We also used two other benchmark datasets in order to make a comparison between different approaches. In Dataset 2, there are 1778 AMPs and 1778 non-AMPs. Using the whole dataset with 10-fold MCCV, for some performance metrics, AMP-GSM outperformed the DNN model with LSTM and convolutional layers, as proposed in [33]. As seen in Table 9, we obtained higher performance metrics for sensitivity, accuracy, and AUC compared to the DNN model with LSTM and convolutional layers [33]. Another dataset that we analyzed (Dataset 3) was provided by Manavalan et al. in [35]. This dataset consists of anti-inflammatory peptides (AIP). It includes 1258 AIPs and 1887 non-AIPs. Their model consists of a feature selection part with RF. Using Dataset3, we obtained higher performance metrics (99% accuracy, 100% AUC) compared with their method and traditional machine learning approaches, such as SVM and k-NN (as seen in Table 10). Hence, we can conclude that the novel approach developed in this study can be used to predict not only antimicrobial peptides, but also anti-inflammatory peptides by considering group characteristics.

Our technique performs well and provides better categorization of AMPs based on different types of information (physico-chemical, sequence-based, etc.). However, AMPs can be hazardous and inefficient as a medicine, which is undesirable. Studies on the synthesis and modification of AMPs have shown that even small modifications can impact how well they work. This approach does not take into account the functional traits of AMPs, but instead, it can only identify AMPs. It is possible to undertake additional studies in accordance with the roles played by AMPs, which will improve our comprehension of their method of action and our ability to forecast their behaviors.
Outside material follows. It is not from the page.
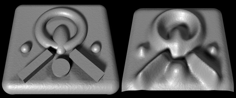 The right object is a traced and blurred heightfield, done with my macros.

Another issue regarding the design of AMPs is that toxicity, stability, and bacterial resistance must all be addressed concurrently in the rational design of AMP-based therapeutics [62]. To achieve this, it is essential to determine the key attributes that a peptide contains in order to be effective against various bacterial species. To rationally develop antimicrobial peptides that target certain bacteria, this study offers a feature selection method based on grouping that is specific to bacteria. It will be crucial to test our study using larger datasets active against bacteria.

5. Conclusions

We create a novel approach based on grouping, scoring, and modeling to accurately predict the antimicrobial peptides. To determine key properties involved in the prediction of antimicrobial peptides, we used different types of feature groups. Each group has its own feature set. The group including physico-chemical features is identified as the best group in terms of predicting AMP activity. We observed that estimating antimicrobial peptides using only physico-chemical properties generated the best score. It has been demonstrated that physico-chemical properties play a significant impact in peptide prediction, and should be taken into account while developing novel models.

It is crucial to compare our novel approach with benchmark datasets in this area. Our findings demonstrate how effective and discriminating the AMP-GSM model is. In-depth evaluations of AMP-GSM against other traditional feature selection techniques for AMP prediction place it among one of the best predictors.

To sum up, AMPs are thought to be the most promising antibiotic substitutes. Consequently, precise antimicrobial peptide prediction aids in the development of cheaper, more efficient peptides. Additionally, they gained popularity in this industry since computational prediction approaches minimize losses during production phases. This study’s grouping methodology will be beneficial to precise prediction and the design of antimicrobial peptides that are extremely efficient against particular bacterial infections. Although the categorization method we have created here is only applicable to antimicrobial and anti-inflammatory peptides, it could be used in future research to predict antifungal, antiviral, antiprotozoal, and anticancer drugs. Additionally, it is possible to expand our current work by adding more groups for future studies.